Soudain, des cris s’élèvent de la plage, un craquement terrible de bois qui éclate en mille morceaux. Le temps de me lever de ma chaise, j’ai  juste pu voir arriver la mer déferlante vers la première rangée de bungalows et les exploser pareils à de simples jouets qu’on écraserait.  J’observe le visage du serveur Sri lankais et réalise en même temps que lui qu’il n’avait jamais vu ça, auparavant,  de toute sa vie d’homme.  La balançoire où se rendait  après le petit-déjeûner l’enfant de quatre ans, est frappée par l’eau, elle se balance dans tous les sens, vide.  Où est l’enfant ? Mon sang se glace dans mes veines.  J’arrache mon sac de ma chaise, je devais pour sortir de l’endroit ouvrir un portail bas fermé d’un loquet, dans ma précipitation, incapable de l’ouvrir, je sautai par-dessus, malgré mes tongs.

Courir, crier, crier, courir en hurlant.
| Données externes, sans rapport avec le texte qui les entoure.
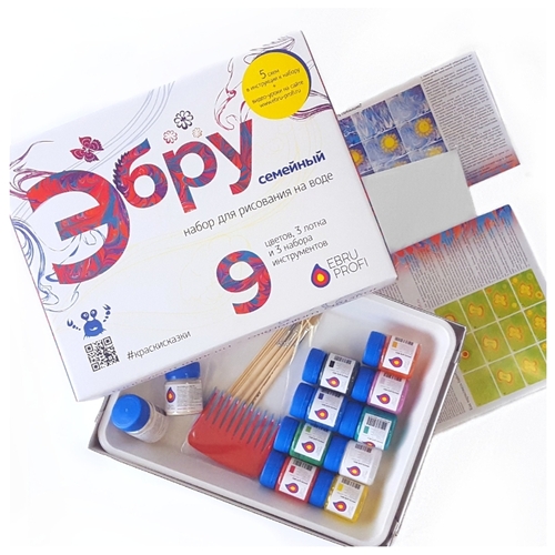 Подробная комплектация- 3 лотка для воды размера А4; - бумагу для рисунков(30 листов) и очистки воды (45 листов); - 9 баночек по 30 мл с эбру-краской (красная, оранжевая, желтая, синяя, изумрудная, зеленая, фиолетовая или сливовая, белая, черная); - загуститель на 15 л воды (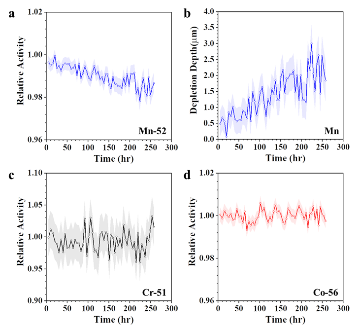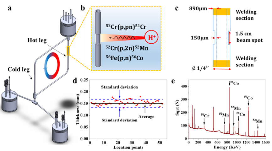 高温熔盐具有运行温度高、工作压力低、传储热性能强、成本低及化学性能稳定等优点,在高温熔盐堆、乏燃料干法后处理、太阳能光热、可再生能源存储等领域得到了广泛应用。然而,高温熔盐环境结构材料腐蚀严重,已成为制约其应用前景的重要因素之一。目前,由于技术水平的限制,流动熔盐环境中材料的腐蚀机理和腐蚀产物流动机制尚未揭示。针对以上问题,研究提出了一种基于放射性核素示踪技术的原位腐蚀及腐蚀产物输运监测方法,用于研究316L不锈钢(316L SS)在NaCl-MgCl2共晶熔盐自然循环回路中的腐蚀特性。该方法采用16MeV质子对热端管道进行回旋加速器辐照,从而在熔盐与合金界面产生放射性核素51Cr、52Mn和56Co。通过测量这些放射性核素在回路管道不同位置的放射性活度变化,实现了316L SS腐蚀侵蚀深度的原位监测,以及腐蚀产物在流动NaCl-MgCl2熔盐中传输和沉积的实时追踪。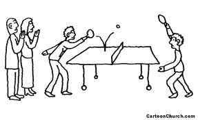 We didn’t have an ordinary table. It was one of great durability. To prove it, in a true brotherly effort to out-do each other, one of us (don’t remember who anymore), decided to lift weights downstairs. We did that quite often actually, but on this particular day a new family clean-and-jerk record was attempted.Well, let me leave it at this: the wherewithal of our ping-pong table was notable as the free weight was lifted from the floor, jerked over the head, and then kept going, crashing down on the backside of the lift in one fluid swoop.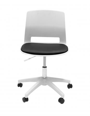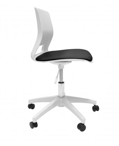 White flexible polypropylene shell, black PU seat pad and white nylon 5 star base, height adjustable.
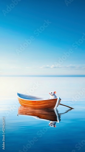 Naklejka premium Adventurous mouse in a wooden boat serene lake digital artwork tranquil...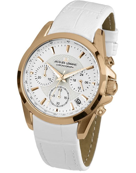 Часы Жак Леман из коллекции Liverpool женская многофункциональная модель Корпус диаметром 35 мм выполнен из высококачественной легированной стали Циферблат, украшенный гильошем, подчеркивают структурные риски и стрелки, покрытые светонакопителем Секундная стрелка в виде стрелы привлекает внимание Часы оснащены хронографом, а в рант вынесена тахиметрическая шкала для определения скорости Окно даты расположено между 4 и 5 часами Кварцевый механизм обеспечивает точность хода, а усиленное стекло Crystex защиту от удара Герметичность до 10 АТМ гарантирует надежную защиту от воды Часы Жак Леман — сочетание функциональности и изысканного дизайна

La mer ! La mer ! – je suis sûre de ne pas courir assez vite, de ne pas crier assez fort. Je ne me retourne pas mais cours désespérée, où sont les enfants ? Derrière moi, un bruit épouvantable de destruction, de hurlements. Ne pas se retourner. A ce moment-là on ne pense qu’à la survie, même la peur ne vous atteint plus immédiatement, elle vous paralyserait. Il suffit de quelques secondes pour me déshumaniser, tout entière devenue animale, seul l’instinct de survie paraît me dominer. Il me faut sauver les enfants, toujours courir, courir encore plus vite.

Mon  compagnon sort du bureau de la réception,  il me voit affolée, regarde derrière moi et voit la mer qui semble me courir après tel un chien enragé. Il se précipite vers le bungalow des filles qui se préparaient, monte les marches des escaliers quatre à quatre. Les deux grandes qui avaient entendu mes hurlements s’étaient enfermées dans les toilettes en croyant à une attaque tamoule, il leur somme d’ouvrir la porte.  Lorsque j’ai l’ai vu revenir avec la petite dans les bras, alors que le doute s’était installé dans ma tête qu’elle se trouvait être sur  la balançoire, déjà disparue, m’émut tellement que je faillis m’affaisser et sangloter de soulagement.